CIUDAD INVISIBLE

HAY OTRAS CIUDADES donde la riqueza se exhibe de manera indecente, incluso obscena. En Nueva York, Tokio, París o Sydney pueden encontrarse tiendas y restaurantes, hoteles y clubes, calles y a veces barrios enteros que vocean la afluencia de sus clientes y propietarios a los cuatro vientos, sin pudor alguno.

También en Ginebra el dinero es visible en multitud de detalles, como las hileras de Ferraris y Mercedes aparcados delante de ciertos locales de moda, los collares de perlas que adornan los cuellos de las damas que frecuentan el casino o los relojes y pulseras engarzadas en diamantes que se exhiben, sin etiqueta de precio, tras los cristales irrompibles de las joyerías de la rue de la Confédération. Pero esta riqueza a la vista de todos se diría discreta, tímida, un poco avergonzada de sí misma. Si no se sabe dónde mirar, es fácil concluir que esta provinciana ciudad, con ser rica, no es, ni mucho menos, tan opulenta como tantas otras.

Pero es que las auténticas fortunas se esconden aquí entre los sólidos muros de las casonas del barrio antiguo, tras los setos altísimos que camuflan las mansiones que bordean el lago Lemán y las discretas puertas de roble macizo que disimulan bancos privados, clubs exclusivos, restaurantes restringidos a una élite cuya presencia pasa inadvertida. No en vano es esta la patria de Calvino. La Ginebra auténticamente adinerada es una ciudad invisible.

A pesar de tanta opulencia la ciudad no carece de jóvenes rebeldes que reniegan de sus familias acaudaladas. Aspiran a ser novelistas, directores de teatro, músicos en alguna banda de rock alternativo. Suelen reunirse en L'usine los fines de semana.
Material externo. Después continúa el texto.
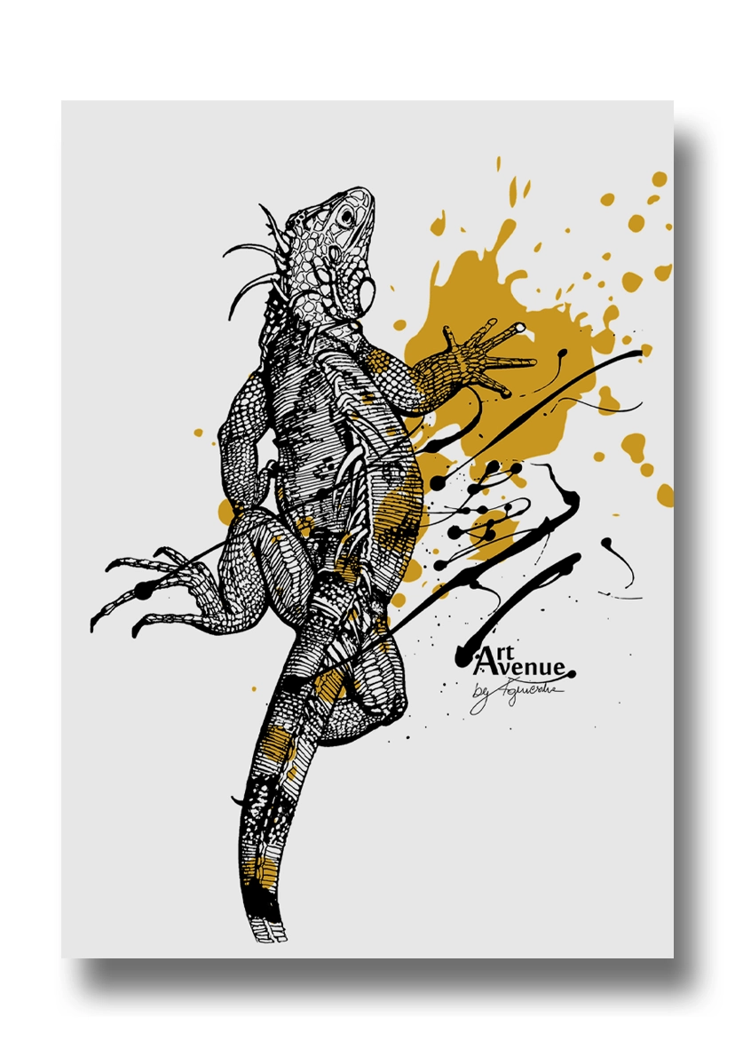 Ręcznie rysowana linearna iguana, to egzotyczny i wyrazisty motyw osobowości z barwnym „kleksem”, możliwym do łatwej personalizacji w inne barwy. Rysunek przeobrażony w wysokojakościową grafikę nadającą się nie tylko do druku na plakatach, ale i koszulkach, tapetach i wielu innych podkładach i formatach. Jedyny motyw plakatu z wyraźnym, centralnie osadzonym logiem marki Art Avenue by Agnieszka.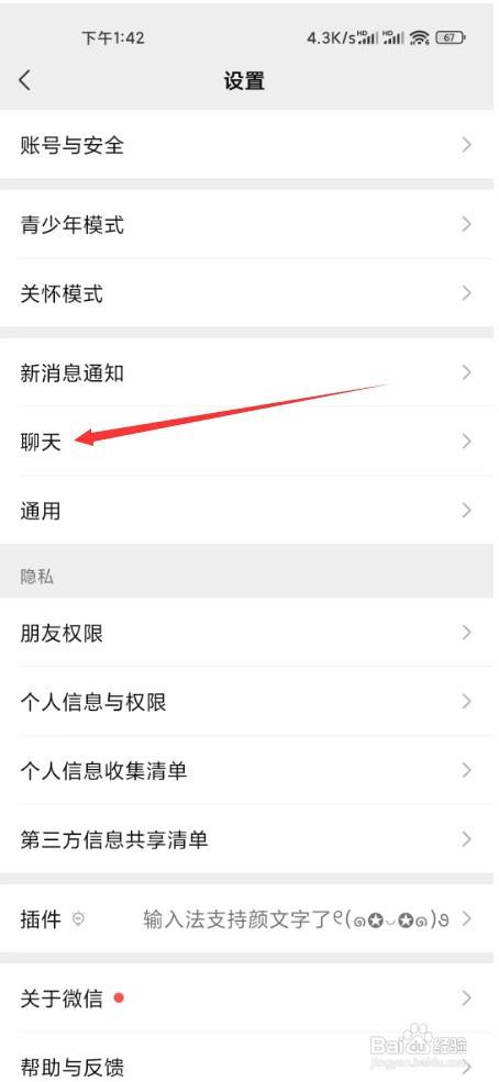 第二步,在设置页面中,点击谈天选项。

L'usine, como su nombre indica, es una antigua fábrica cuyas naves han sido transformadas, con subvenciones del ayuntamiento, en locales donde esta juventud contestataria se encuentra cada noche, baila, bebe, fuma marihuana y quema la velada arreglando el mundo.

Aunque la mayoría de los parroquianos son chicos rondando la veintena, no faltan clientes de mayor edad que acuden al calor de sus tersas pieles con la esperanza de vender algo, ligar o simplemente para ahogar la soledad entre la multitud y el ruido atronador de la música.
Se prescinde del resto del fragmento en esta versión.